Imagine, if you will, that 1 in every 8 U.S. homes contains a camera – and that for years, strangers have been watching the people in those homes without their knowledge or consent. This isn’t some dystopian fantasy – it is exactly what has been happening, for years, to Mac users.
Earlier in 2017, security experts identified a previously unknown malware specific to Macs, dubbed FruitFly, that can control a device’s webcam, recording users in the real world and taking screenshots of their computer activities. Worse, it seems that FruitFly doesn’t come in just one strain; there are potentially dozens of varieties of FruitFly, all with variations in their code to make them more difficult to detect. Perhaps the most jarring of all, FruitFly isn’t new: Experts believe the techniques date back to 2014 – or before – meaning infected Macs have been functioning as one hacker’s espionage tools for years.
The Buzz About FruitFly
Security firm Malwarebytes was the first to uncover evidence of a new, potentially sinister bit of malware back in January 2017. Experts noticed some strange network traffic coming from a Mac computer, and upon investigation, they discovered a relatively simple program that was producing confusing yet dangerous results.

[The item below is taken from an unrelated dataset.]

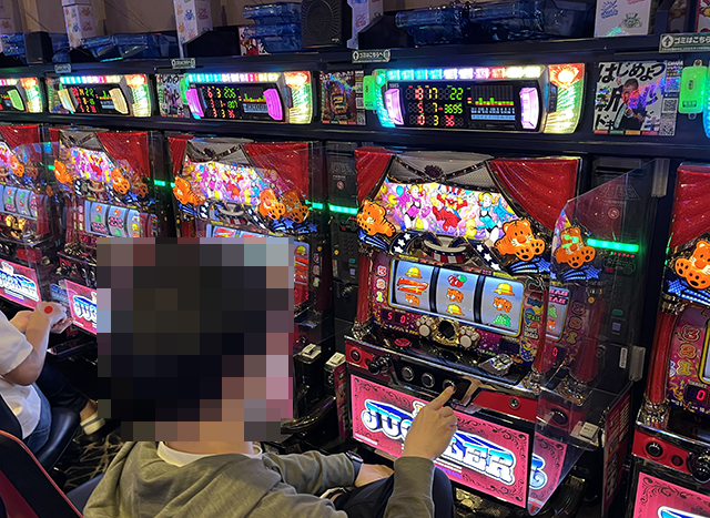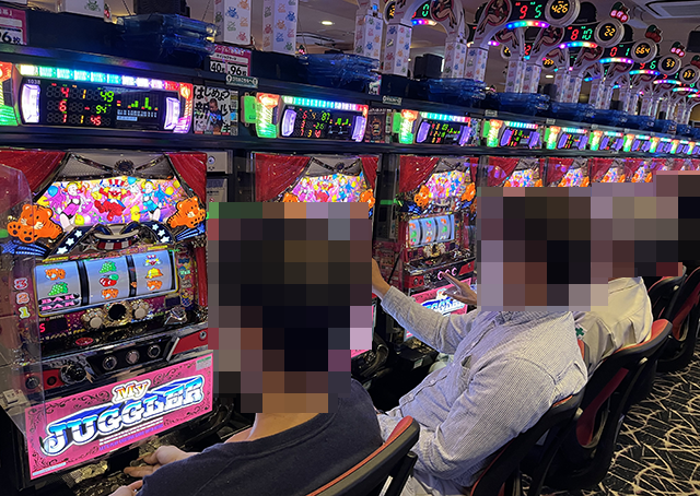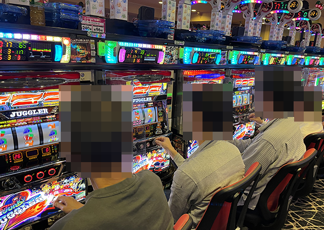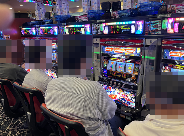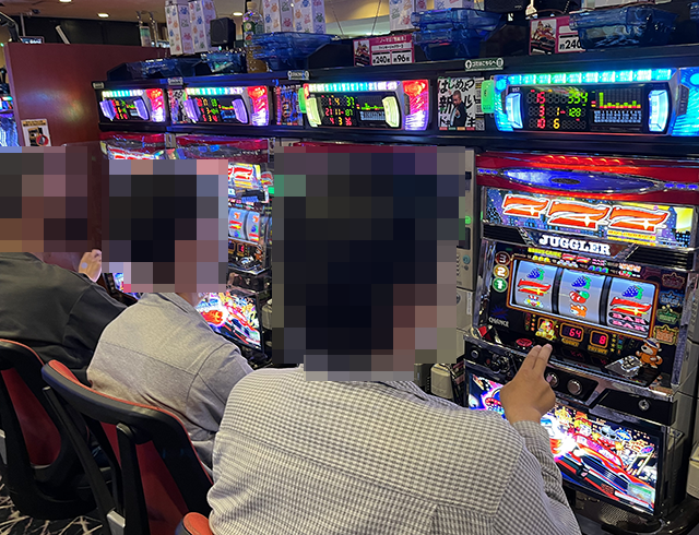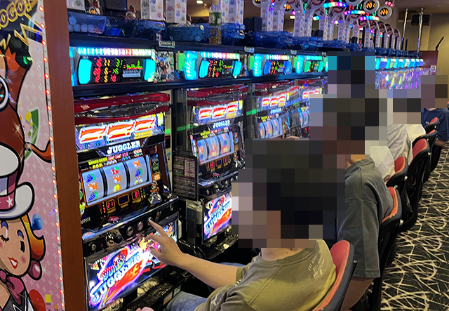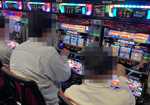 『マイジャグラーV』で遊技をおこなっているプレイヤーの表情も明るい。

Unsurprisingly to researchers, the malware relies on two unsophisticated and effective techniques for persistence: a hidden file and a launch agent. These allow the malware to remain undetected amidst Mac’s operating system for some time, running secretly in the background while users continue their day-to-day computing. While these aren’t noteworthy, there are some commands that are utterly baffling – not in their complexity, but in their datedness. Some of the functions date back to pre-OS X, and others rely on code that hasn’t been updated since 1998. Experts aren’t certain they can trace the malware back 20 years, but there is some indication FruitFly has existed at least since early 2014.
The malware seems to be interested in only two actions: taking screenshots and commandeering the webcam. Unfortunately, these actions can be devastating, depending on the user’s behavior. There are many examples of hackers using illicit images of users to blackmail them into sending money or worse, and screenshots of sensitive data can be exceptionally profitable, as well. Yet, users infected by FruitFly haven’t recognized this kind of fraud or extortion. Since the malware doesn’t include typical cybercrime features, like keyloggers, adware, or ransomware, experts are somewhat baffled by what is going on.
Further investigation into the malware determined that 90 percent of infections occur on Mac computers within the U.S. As yet, experts have identified at least 400 discrete cases, but it is likely that is only a small percentage of the true infection. The second-identified variant of FruitFly seems limited to individuals’ computers, as opposed to the first variant, which is primarily present on devices within biomedical research centers and colleges. This could be a clue to FruitFly’s purpose: The malware is a simplistic spy tool used to gather intel on confidential medical tech. However, most experts believe it is a sneaky way to watch regular people. Regardless of its purpose, FruitFly is a danger to cybersecurity, and all Mac users should know how to eliminate it.
How to Swat FruitFly Fast
While FruitFly may be old, it still contributes to Mac users’ growing uneasiness concerning Apple security. The fact is Macs aren’t nearly as secure as everyone once believed. Indeed, instances involving Mac malware increased by 744 percent in 2016, according to McAfee, another cybersecurity firm. While most of the new malware consists of annoying ads, FruitFly demonstrates that it can be much, much worse.
Unfortunately, FruitFly is nearly undetectable on users’ machines, which means users might already be infected and not realize it. The best way to stay protected against new infections is to download the latest OS updates and up-to-date security programs with antivirus for Mac. Some security programs are equipped to detect and eliminate old and new variants of the malware, which means it is vital that users don’t rely on freeware or otherwise untrustworthy security software. Users can also download tools that notify them when the webcam or microphone becomes active, but this is a secondary precaution best taken after stronger cybersecurity defenses are in place.
FruitFly is just the beginning of a revolution for Mac malware, and the sooner Mac users recognize the need for security programs and practices, the better.